Therapeutic targets for liver regeneration after acute severe injury: a preclinical overview
Published in Expert Opinion on Therapeutic Targets, 2020
Hidenobu Kojima, Kojiro Nakamura, Jerzy W. Kupiec-Weglinski
Various clinical and basic studies imply the relationships between liver age and liver tissue regeneration.
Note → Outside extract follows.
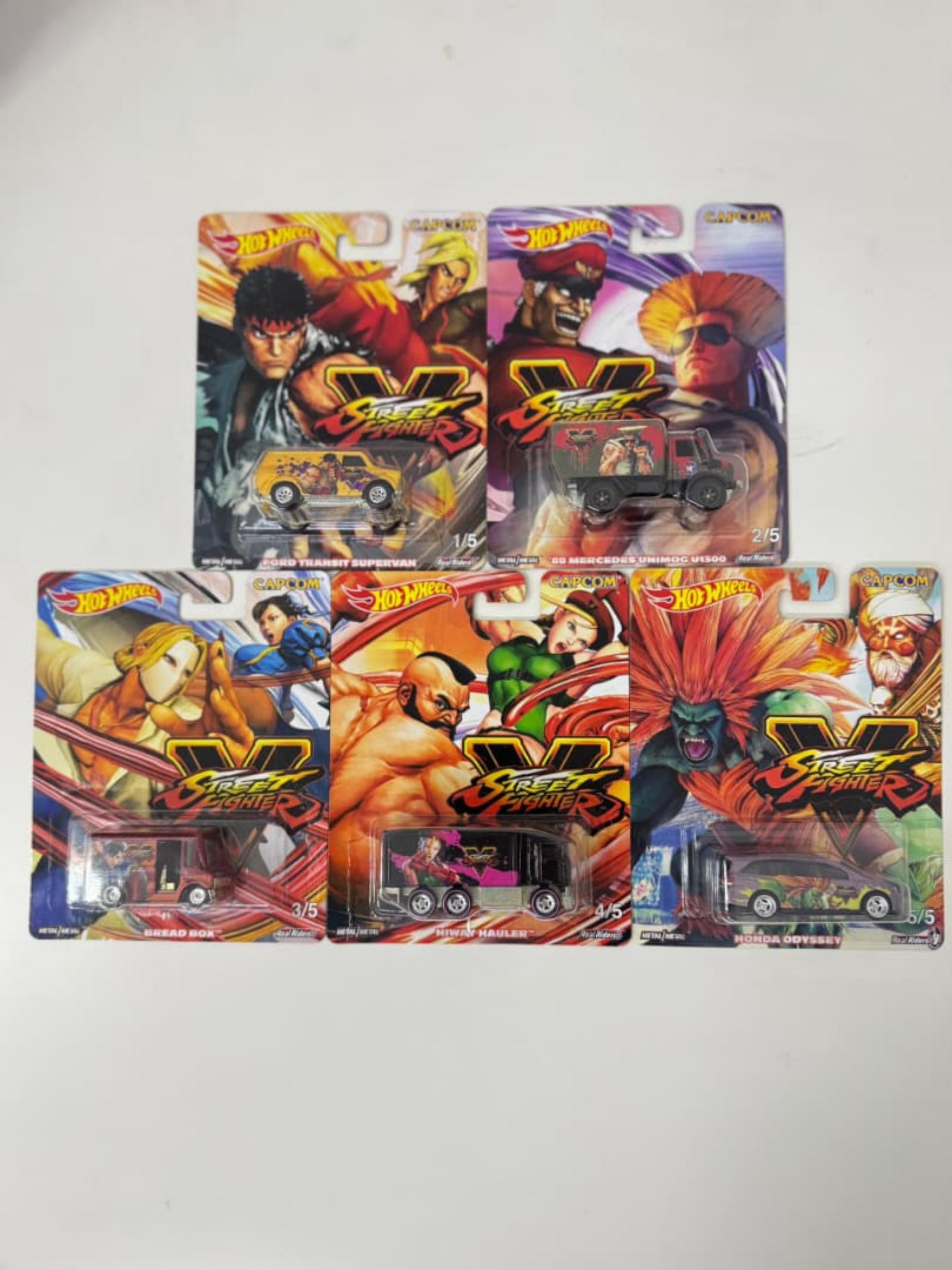 This is a complete 5-pack set of Hot Wheels collectible vehicles themed around Capcom's Street Fighter V characters. The set includes the Ford Transit Supervan, '88 Mercedes Unimog US500, Bread Box, Hiwan Hauler, and Honda Odyssey, each featuring unique character designs and artwork on the cars and packaging. These vehicles are part of a limited series numbered 1/5 through 5/5. Perfect for collectors of Hot Wheels or Street Fighter memorabilia.

Younger donor clinical cohort (<30 years) showed significantly higher liver regeneration rates in volume than the older donor group (>50 years) at 1 week after living donor partial liver transplantation (LDLT), although there was no difference in the liver regeneration rate between those groups at 1 month after LDLT [73,74]. Cumulative recipient survival rate was also significantly higher in the younger donor group (<20 years) compared with the older donor group (20 years or above) after LDLT, despite no difference in recipient age [75]. Donor age was an independent prognostic factor in LDLT. An experimental study in the mouse model showed an age-related loss of fenestration of LSECs together with thickening of the endothelium, basal lamina formation, and collagen deposition in the Space of Disse [76]. These age-related structural changes of LSECs and Space of Disse ultimately decrease sinusoidal perfusion. The impairment of regeneration in the aged liver is due, in part, to such a dysfunction of LSEC in addition to the reduction of sinusoidal blood flow. In addition, aged liver is associated with decreased intrahepatic energy source, ATP levels, caused by mitochondrial dysfunction [77]. In a recent study, mitochondrial dysfunction-associated senescence was reported [78]. Autophagy increases in accordance with the accumulation of damaged mitochondria and leads to cell death [79]. These mechanisms might be also partially related to impaired regeneration in aged livers.